Starting with the line below that holds "Un violento accidente" and stopping after the line that holds "Relax in bright, airy", transcribe the lines exactly, leaving out all pictures.

(Beginning of EXERCISE MATERIALS)

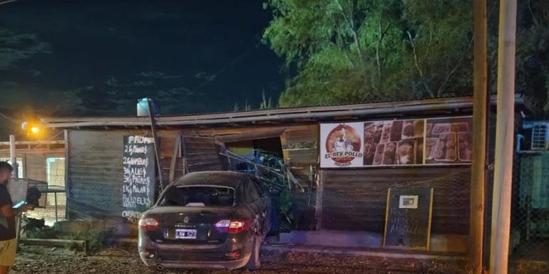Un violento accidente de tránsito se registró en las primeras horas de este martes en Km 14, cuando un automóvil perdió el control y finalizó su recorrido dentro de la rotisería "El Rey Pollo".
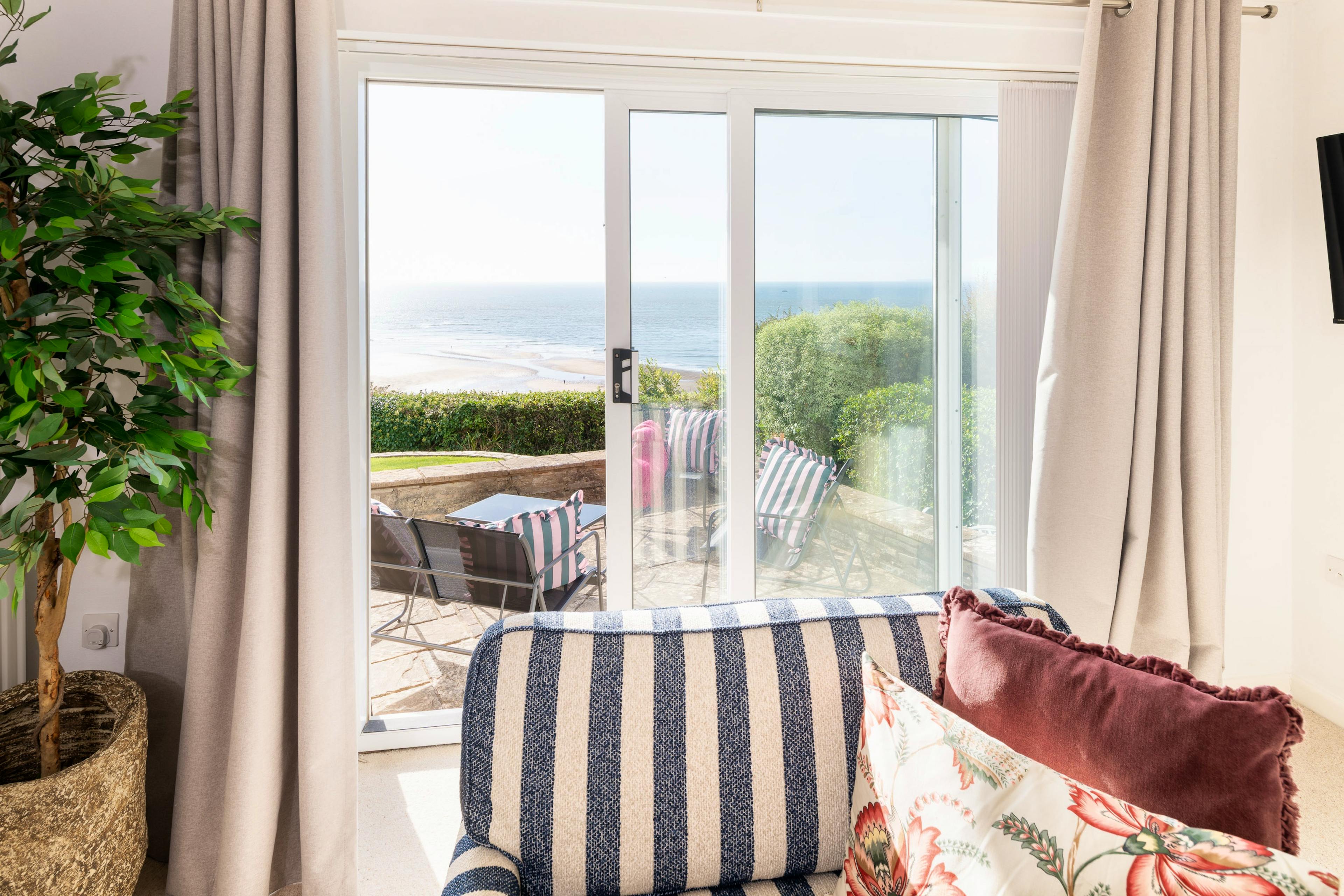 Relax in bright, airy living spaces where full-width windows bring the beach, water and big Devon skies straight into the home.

(End of EXERCISE MATERIALS)
(Beginning of EXERCISE MATERIALS)

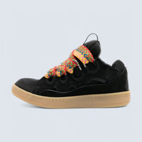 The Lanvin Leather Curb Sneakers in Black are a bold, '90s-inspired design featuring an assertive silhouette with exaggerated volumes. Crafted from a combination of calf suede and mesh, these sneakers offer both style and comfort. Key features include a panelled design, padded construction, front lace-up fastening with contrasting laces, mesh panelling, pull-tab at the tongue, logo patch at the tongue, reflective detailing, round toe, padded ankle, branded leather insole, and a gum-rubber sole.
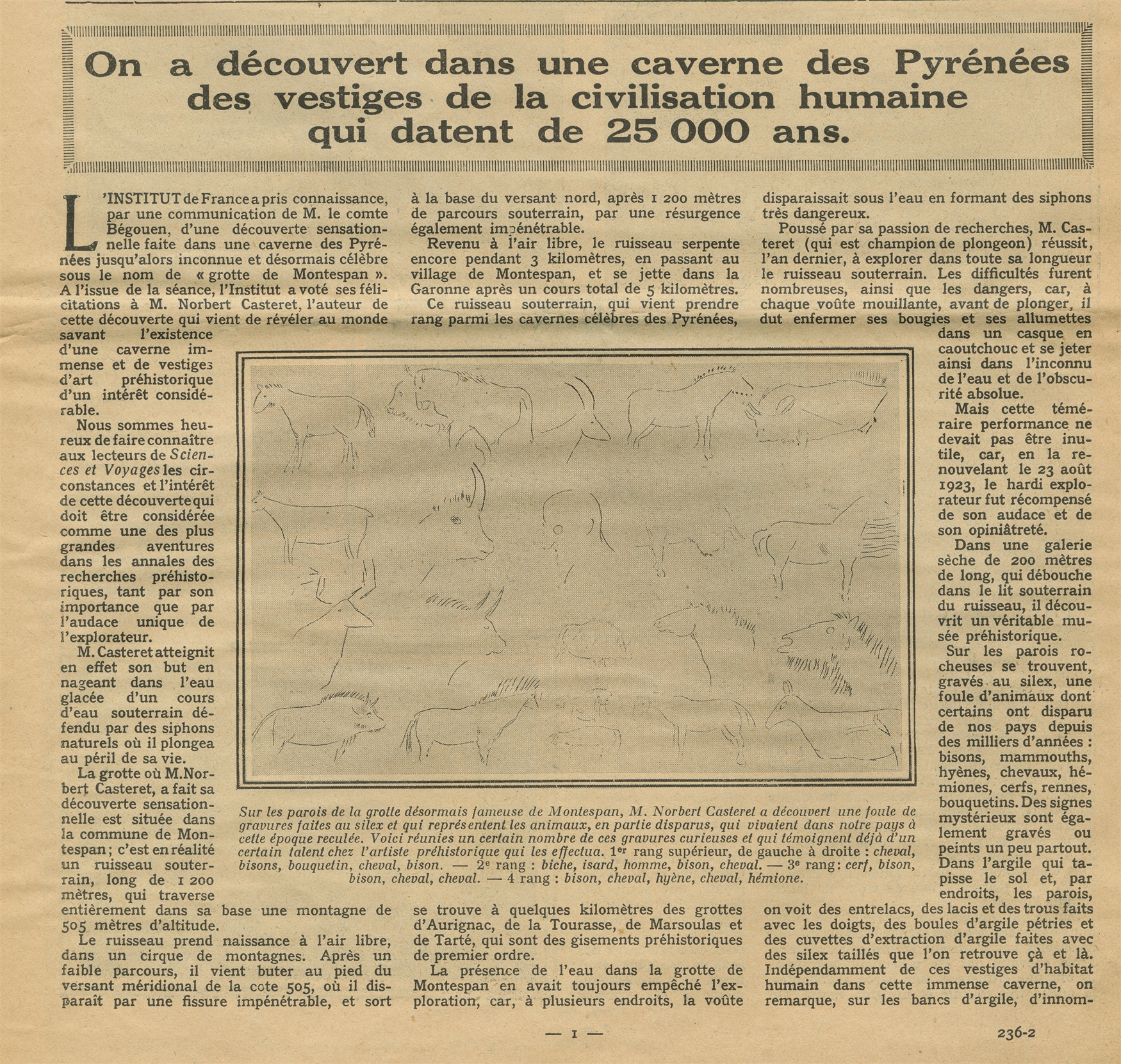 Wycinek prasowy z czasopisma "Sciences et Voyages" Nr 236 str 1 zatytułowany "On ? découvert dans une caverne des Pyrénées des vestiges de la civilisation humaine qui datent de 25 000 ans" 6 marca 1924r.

(End of EXERCISE MATERIALS)

**RESPONSE AREA:**
Un violento accidente de tránsito se registró en las primeras horas de este martes en Km 14, cuando un automóvil perdió el control y finalizó su recorrido dentro de la rotisería "El Rey Pollo".
 Relax in bright, airy living spaces where full-width windows bring the beach, water and big Devon skies straight into the home.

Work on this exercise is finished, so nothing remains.